## Data records:
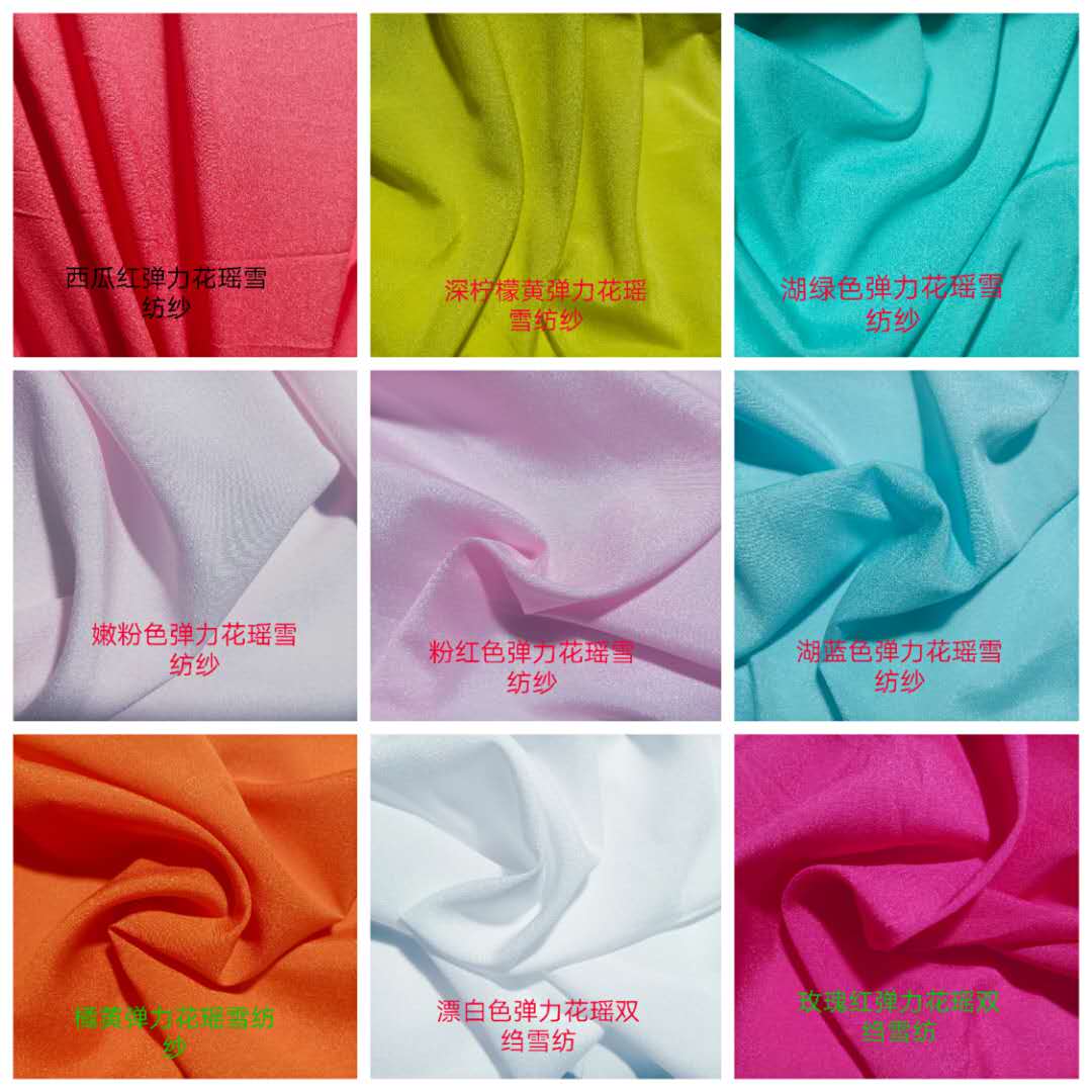 布料名称:高弹花瑶皱雪纺(横向拉微弹)
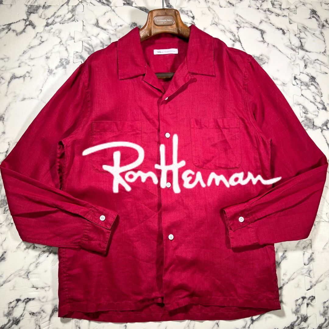 - 未使用級/リネン100%(L位) ●ロンハーマン RHC 長袖 オープンカラー シャツ ピンクパープル 麻 RonHerman メンズ OCEANS ジャケット 羽織
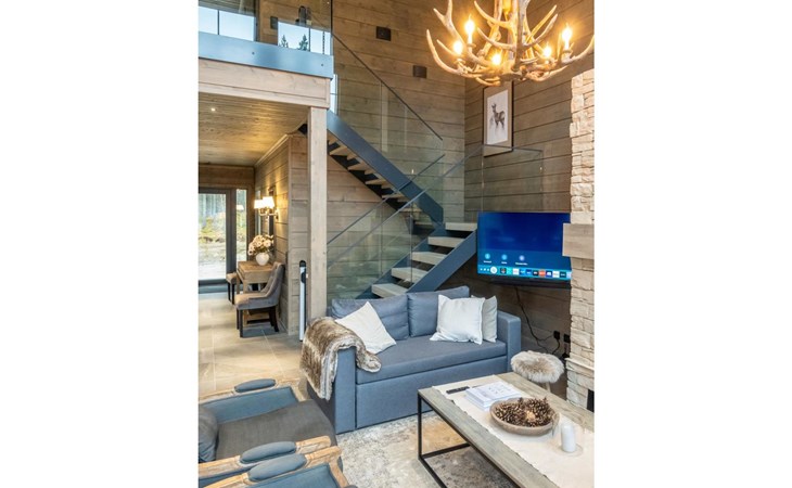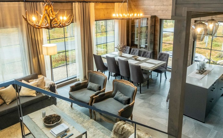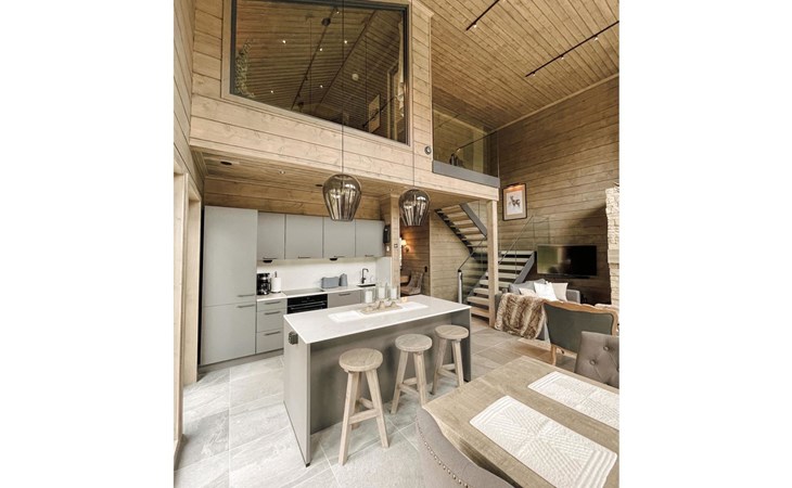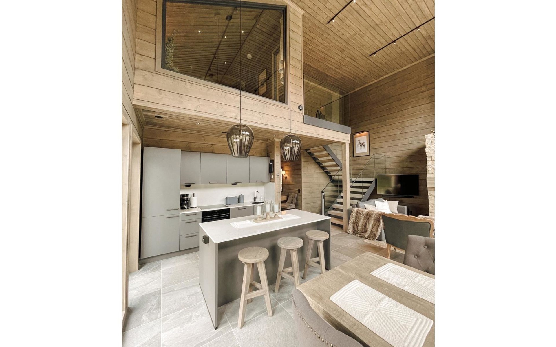 Facilities on two floors. On the first floor, spacious hall with plenty of space for cross-country skiing and downhill skiing equipment. Living room, dining room and kitchen are the heart of this villa. The kitchen is very well equipped, so you can cook and even bake for a larger group.
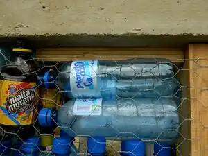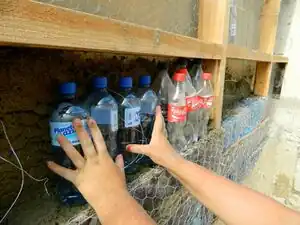 Secure one section of the other side of the wall with chicken wire from the bottom up to the height of one row of bottles, leaving the top open to add bottles.
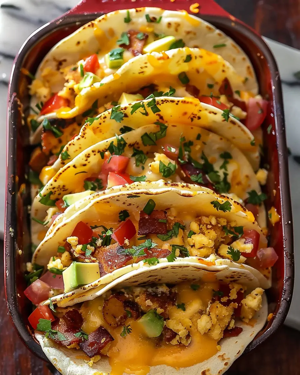 Absolutely! One of the best things about tasty baked breakfast tacos is their versatility for meal prep. You can assemble the tacos in advance, cover them, and store them in the refrigerator for up to 24 hours. When you’re ready to enjoy, just pop them in the oven! This not only saves time in the morning but also gives the flavors a chance to meld together beautifully.
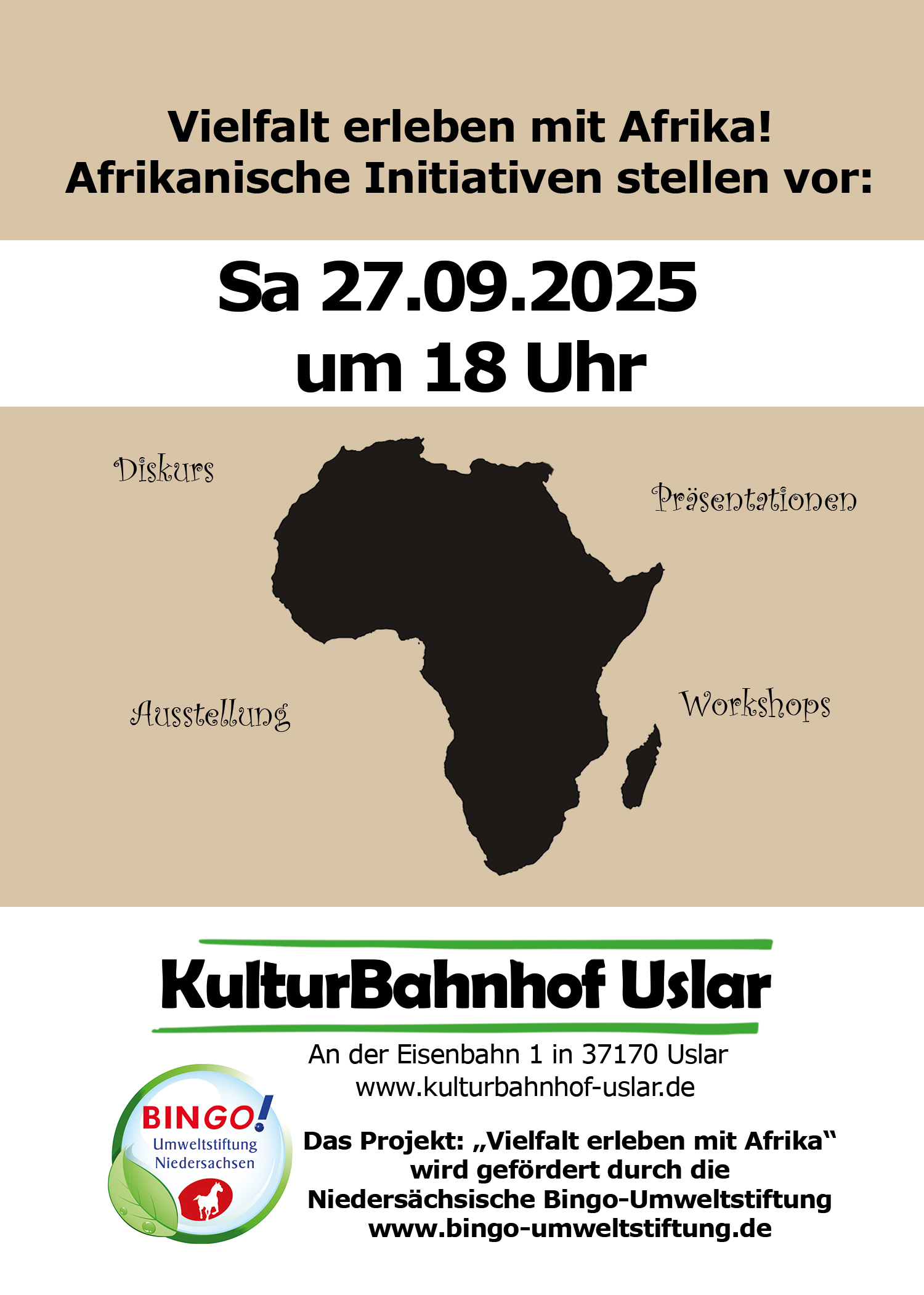 Am 27.9.2025 findet im Kulturbahnhof Uslar die Veranstaltung:" Vielfalt erleben mit Afrika!: Afrikanische Initiativen stellen vor" statt.

## Task directions:
The records above, copied word for word without the pictures, are what should be output.

## Response:
 布料名称:高弹花瑶皱雪纺(横向拉微弹)
 - 未使用級/リネン100%(L位) ●ロンハーマン RHC 長袖 オープンカラー シャツ ピンクパープル 麻 RonHerman メンズ OCEANS ジャケット 羽織
 Facilities on two floors. On the first floor, spacious hall with plenty of space for cross-country skiing and downhill skiing equipment. Living room, dining room and kitchen are the heart of this villa. The kitchen is very well equipped, so you can cook and even bake for a larger group.
 Secure one section of the other side of the wall with chicken wire from the bottom up to the height of one row of bottles, leaving the top open to add bottles.
 Absolutely! One of the best things about tasty baked breakfast tacos is their versatility for meal prep. You can assemble the tacos in advance, cover them, and store them in the refrigerator for up to 24 hours. When you’re ready to enjoy, just pop them in the oven! This not only saves time in the morning but also gives the flavors a chance to meld together beautifully.
 Am 27.9.2025 findet im Kulturbahnhof Uslar die Veranstaltung:" Vielfalt erleben mit Afrika!: Afrikanische Initiativen stellen vor" statt.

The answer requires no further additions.